If you’re planning to live in your home in older age instead of thinking about alternative living accommodation, it probably won’t be surprising that you will have to make a few changes to ensure that your home is as comfortable as it was when you were younger. Here’s a room-by-room guide about what you can change to make your home suitable for every age.

A Room-by-Room Guide to a More Accessible Home

The Outside

The outside of your home should have a clearly visible address number, a doorway threshold that won’t trip you up, and handrails on any steps and stairways.

The Kitchen

The kitchen should have easy-to-access cabinetry that is simple to pull out. There should be specific lighting for the sink, cooker, and any food preparation areas. The kitchen sink tap should also be sensor-based or lever-based, and you should avoid knobs or handles. The tap should also be pressure-balanced and not exceed temperatures of 50 degrees. The floor should not be polished with a slippery wax.

Steps and Stairways

You should have safe and secure handrails on both sides of the stairs, placed at an appropriate height for the intended users. It’s also important to be able to turn the stairway lights on and off at both the bottom and top of the stairs. Stairs should be carpeted or have a nonslip adhesive strip on them.
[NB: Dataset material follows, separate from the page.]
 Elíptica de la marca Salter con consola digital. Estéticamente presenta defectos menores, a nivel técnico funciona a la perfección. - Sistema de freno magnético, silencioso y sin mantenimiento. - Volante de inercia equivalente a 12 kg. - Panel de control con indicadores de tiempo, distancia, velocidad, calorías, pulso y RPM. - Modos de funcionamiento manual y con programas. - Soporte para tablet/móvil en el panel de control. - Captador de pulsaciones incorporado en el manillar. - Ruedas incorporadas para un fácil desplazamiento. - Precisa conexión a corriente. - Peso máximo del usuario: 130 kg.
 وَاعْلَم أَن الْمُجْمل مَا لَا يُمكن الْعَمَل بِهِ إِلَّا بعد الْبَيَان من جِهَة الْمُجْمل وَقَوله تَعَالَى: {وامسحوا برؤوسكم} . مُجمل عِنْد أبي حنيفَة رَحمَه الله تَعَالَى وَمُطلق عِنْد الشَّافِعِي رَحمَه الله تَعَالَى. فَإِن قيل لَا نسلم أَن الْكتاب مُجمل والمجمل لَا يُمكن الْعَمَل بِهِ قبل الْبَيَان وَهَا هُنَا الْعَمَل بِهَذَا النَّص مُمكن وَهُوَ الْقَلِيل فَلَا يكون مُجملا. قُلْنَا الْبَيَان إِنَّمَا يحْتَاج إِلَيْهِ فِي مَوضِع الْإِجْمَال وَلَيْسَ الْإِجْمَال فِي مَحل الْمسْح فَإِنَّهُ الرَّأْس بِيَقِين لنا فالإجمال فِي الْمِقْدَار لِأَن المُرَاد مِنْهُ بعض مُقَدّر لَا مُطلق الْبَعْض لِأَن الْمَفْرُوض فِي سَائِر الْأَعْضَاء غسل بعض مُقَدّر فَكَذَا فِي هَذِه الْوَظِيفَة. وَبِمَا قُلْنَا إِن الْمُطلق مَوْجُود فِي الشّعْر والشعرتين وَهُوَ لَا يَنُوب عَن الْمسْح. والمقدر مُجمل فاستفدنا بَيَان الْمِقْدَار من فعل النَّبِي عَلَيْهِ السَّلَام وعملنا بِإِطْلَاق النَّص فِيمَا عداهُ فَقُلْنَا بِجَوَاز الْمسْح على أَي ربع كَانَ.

The edge of the stairs should be marked clearly.

The Bathroom

The lavatory should be a higher, comfort-height model to allow for easy sitting. The sink, bathtub and shower taps should have easy-to-use lever handles rather than knobs. The bathroom walls should be reinforced and feature grab bars in the bathtub, shower and near the lavatory to allow for easy leverage. Rugs in the bathroom should be rubber-backed so they don’t slip. Ideally, the shower or bath should be walk-in and should have the accessibility options seen with the latest models for walk in showers. These include no-step entry, a hand-held or adjustable showerhead, and a permanent or removable seat so you can bathe while seated. Any exposed pipes should be insulated.

Living Room and Bedroom

Furniture should be arranged to allow clear and wide passageways, and electrical cords and wires should run along the wall to prevent tripping. The bed should be placed close to the bathroom for easy access, and natural light should be used to the fullest. Closets should have interior lights and adjustable shelves.

Throughout the Home

Light bulbs should be properly rated and be the highest allowed wattage for maximum light. The home should have touch control lamps as well as devices on a timer to minimize the need for switching on lights. A telephone should be available in multiple rooms, including the bedroom and bathroom. 
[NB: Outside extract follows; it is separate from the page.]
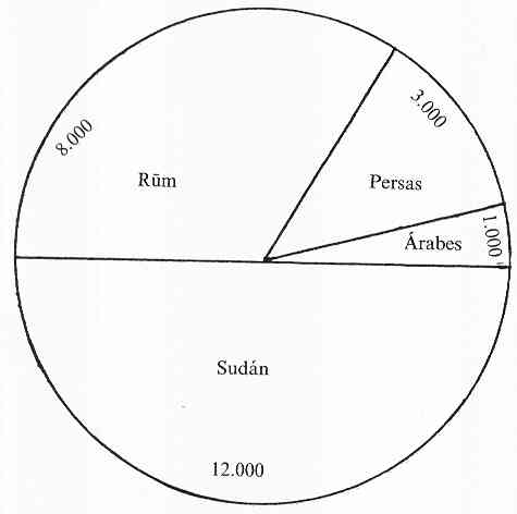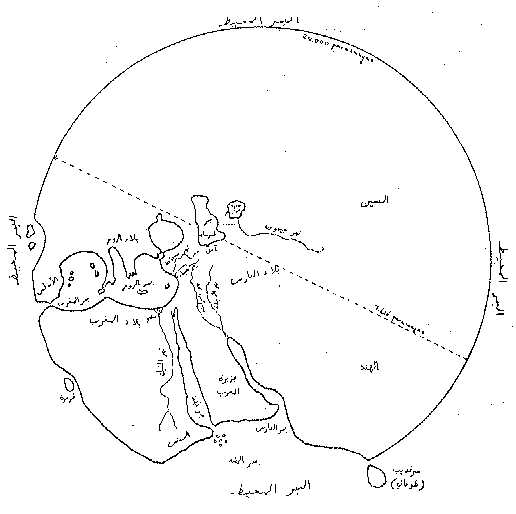| Al-Husayn Ali said of: Nasr b. Ali who says of: Abd al-Malik b. Qurayb who says: al-Nadr b. Hilal that heard it of Qatada that heard of Abu l-Yald who said: The Earth is 24.000 parasanges. He said: The Sudan is 12.000, Rum 8.000, Persia 3.000 and 1.000 parasanges for the Arabs.

Night lights can be good as well — put automatic night lights in hallways, bathrooms and also near any steps. Smoke detectors should be installed on every floor and should be tested properly so that they can be heard in all bedrooms. Flashlights should be kept in many rooms just in case there’s a power failure, and there should be at least one step-free entrance into the home.

There’s a lot of detail above, but if you follow this room-by-room guide you’ll have a fully accessible home in no time!